INDIA — CASBAA, the Association of Asia’s pay-TV Industry, today warmly applauded the judicial review now underway in India of proposed extension and tightening of India’s pay-TV rate regulations.
The Madras High Court is currently reviewing the clash between the rights of copyright owners around the world and new tariff regulations proposed by the Telecom Regulatory Authority of India (TRAI). The court has ordered the TRAI not to give effect to the rules until the underlying issues are considered, with a hearing now set for January 19th.

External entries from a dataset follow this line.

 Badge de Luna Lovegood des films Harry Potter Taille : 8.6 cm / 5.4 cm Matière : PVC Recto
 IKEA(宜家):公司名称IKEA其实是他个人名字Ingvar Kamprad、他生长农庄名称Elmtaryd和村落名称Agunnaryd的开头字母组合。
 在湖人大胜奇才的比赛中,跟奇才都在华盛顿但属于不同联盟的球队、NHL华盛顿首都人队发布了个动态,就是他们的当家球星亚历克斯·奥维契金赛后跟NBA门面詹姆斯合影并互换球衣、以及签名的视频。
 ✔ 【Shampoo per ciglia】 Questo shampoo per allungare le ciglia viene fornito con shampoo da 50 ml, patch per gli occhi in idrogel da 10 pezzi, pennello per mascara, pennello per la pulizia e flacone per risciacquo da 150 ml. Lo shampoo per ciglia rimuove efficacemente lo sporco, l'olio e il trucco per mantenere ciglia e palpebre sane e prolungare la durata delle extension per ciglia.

CASBAA CEO Christopher Slaughter observed that the new rules would be a major negative factor for the business environment in the $17 billion Indian media industry. “India’s pay-TV regulations have long been among the strictest in the world”, he said. “The proposed new rules are highly intrusive and would make the environment much worse. Such a heavy-handed regulatory regime will inevitably hit foreign companies’ interest in investing in India.”
Indian law gives copyright owners the ability to price and sell their creative works. In filing the Madras suit, the petitioner broadcasting organizations denounced the TRAI regulation as contrary to these principles as enshrined in the law, and in international treaties to which India is a signatory. (The TRAI rules would establish a controlled price regime by mandating a la carte channel supply, setting the ceiling, by specific genres, that broadcasting organizations can charge to multichannel program distributors, limiting discounts, prescribing carriage fees, and stipulating a compulsory distribution fee to be paid by Broadcasting Organizations to multichannel program distributors.

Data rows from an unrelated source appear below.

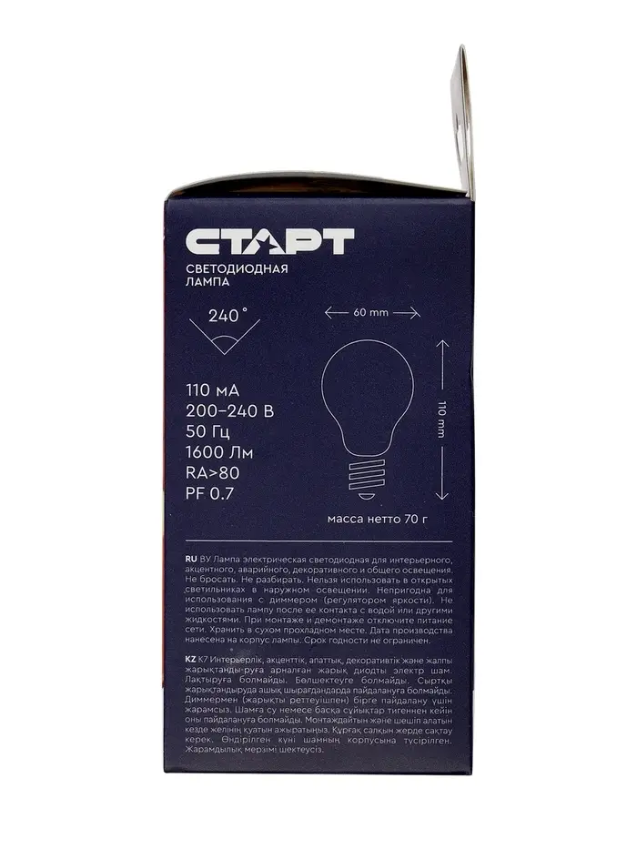 Светодиодная лампа СТАРТ мощностью 20 Вт с цоколем E27 и формой «груша» A60 — это надежный и энергоэффективный источник света для вашего интерьера. С нейтрально-белым свечением при цветовой температуре 4000K и световым потоком 1600 лм, она идеально подходит для рабочих и общественных помещений, где важна четкость и естественная цветопередача.
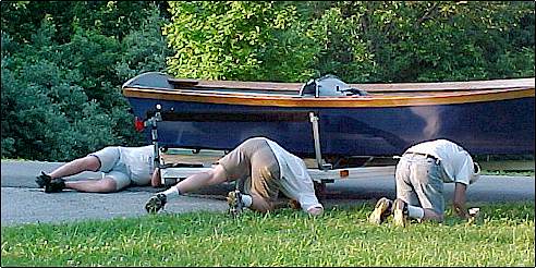 A) Closely examining a home-built boat
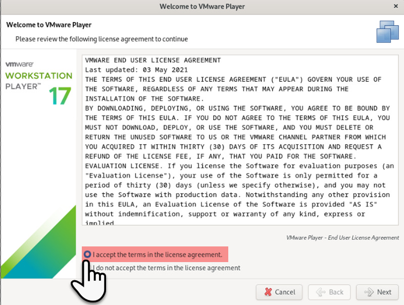 🔶 انقر دبل كليك على ايقونة برنامج Vmware لتشغليه , ستفتح لك اول لوحة هى عرض اتفاقية الترخيص على شاشتك. اقبل الشروط والأحكام وانقر على “التالي” كما تشاهد فى الصورة التالية.
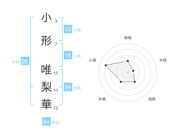 小形 唯梨華さんの地格は34画の2点!
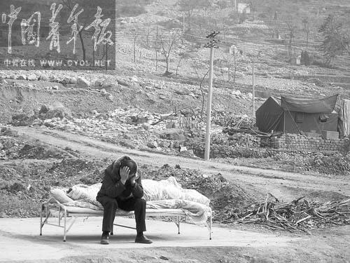 受災群眾將簡易床搬出帳篷,享受難得的冬日暖陽,地震和泥石流,對北川生態的破壞和對人們心理的影響,短時間內很難完全恢復。
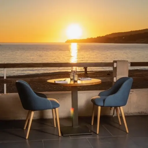 Vous pouvez profiter pour le déjeuner de la carte méditerranéenne et de nos sushis pour vos repas de loisirs, d'affaires, dans son cadre extraordinaire et aussi de mai à septembre sur l'espace plage. Le soir, face à la mer, vous pourrez dîner au calme, déguster une de nos spécialités.

CASBAA has long expressed concern about India’s previous rate regulations, which included a cable retail price freeze imposed in 2004 “until the market became more competitive” and never revoked.

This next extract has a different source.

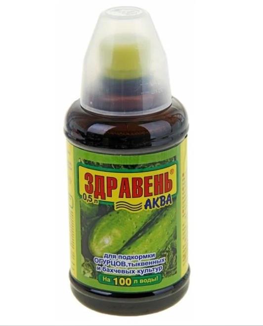 Здравень-аква для огрурцов жидкое комплексное органоминеральное удобрение для корневых и внекорневых подкормок огурцов, тыквенных и бахчевых культур в личных подсобных хозяйствах.
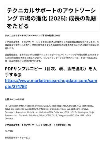 テクニカルサポ トのアウトソ シング市場における新技術もこの調査報告書に描かれています。市 場の成⻑を後押ししており、世界市場で成⻑するための前向きな推進⼒を与えている要因を詳細に説 明します。

“Today, India’s television content market is among the most competitive in the world,” said Slaughter. “Modern cable MSOs, six different DTH platforms and now online OTT television are all giving Indian consumers a wide range of viewing options.”
CASBAA’s Chief Policy Officer John Medeiros observed that “As convergence and greater competition sweep the TV economy, other governments around the world are eliminating rate controls, to give more scope to competition among traditional and new online providers. In the last few years, Korea and Taiwan have both undertaken to liberalize their pay-TV price controls, leaving India as the last market economy in Asia with a hyper-regulatory regime. The proposed new rules would take India in the opposite direction from the rest of the world.”